She told me she only masterbates to Kenny Rogers songs.
OMG. What did u say?
I told her I did too.
Don't you ever say "drinking at 2" as if it's a bad thing again. I'm asking you as a friend here.
im so poor im using the bottom of my laptop to heat my food.
The ice cream man just told me to use protection.
My professor just gave us a margarita recipe.
Why?
Because, and I quote, he "wants to give us the tools to succeed in life."
oh come on since when have relationships been boundary lines for us
fair point
I'm a gay man planning my brothers bachelor party, and he choose someone else to be his best man. I hope they like appltinis and gay clubs.
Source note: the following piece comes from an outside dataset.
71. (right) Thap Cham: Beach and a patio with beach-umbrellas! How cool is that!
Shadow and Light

Bastard.
Hate to say it and even though I definitely have a biased opinion but I'm surprised your not, sleeping with anyone else. Good personality, charisma and amazing in the sack.
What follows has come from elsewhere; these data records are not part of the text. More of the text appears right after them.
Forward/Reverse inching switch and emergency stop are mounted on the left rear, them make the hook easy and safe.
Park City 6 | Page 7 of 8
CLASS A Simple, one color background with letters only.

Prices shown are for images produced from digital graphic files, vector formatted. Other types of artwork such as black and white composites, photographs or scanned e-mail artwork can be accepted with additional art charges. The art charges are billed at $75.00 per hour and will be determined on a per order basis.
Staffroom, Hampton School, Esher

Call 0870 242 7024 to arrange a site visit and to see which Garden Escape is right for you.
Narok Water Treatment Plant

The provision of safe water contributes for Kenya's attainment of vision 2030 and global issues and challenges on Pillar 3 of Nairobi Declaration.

Feel free to use me as a reference.
this lady just pulled corn on the cob out of her purse
People like that make this world a better place.
You threw my heel at her from across the street... And hit her in the back of the head so hard she face planted into the street. I need more friends like you.
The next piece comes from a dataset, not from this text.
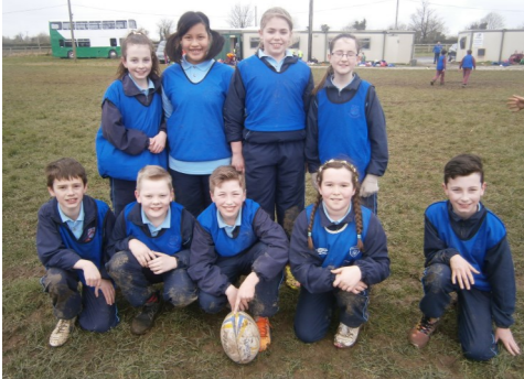
Some of our 5th Class Children at the Rugby Blitz day
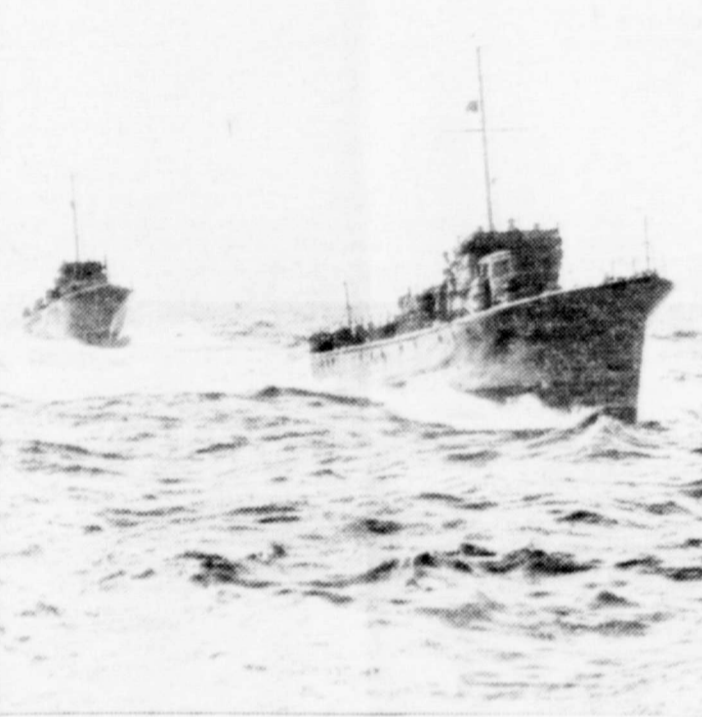
Pocket destroyers, newest British weapon to offset mounting toll in Battle of the Atlantic, cut swiftly through the water in search of German submarines. These "Huntresses of the Navy" are small motor launches, built in Britain from American parts. They carry depth charges, machine guns, anti-aircraft weapons.

This is the first time I'm hearing this information.
i woke up with 5 inch heels locked on my feet and my car keys missing. this is gonna be an interesting walk home
The night got interesting when the random guy next to us handed us a bottle of champagne and the rest of his ciroc bottle. When we asked why he did it, he proceeded to point at his friend who face planted the floor.
I just sent a snapchat of my boobs for Adderall. It's finals season.
Vodka Vensday. With a Russian accent... It counts.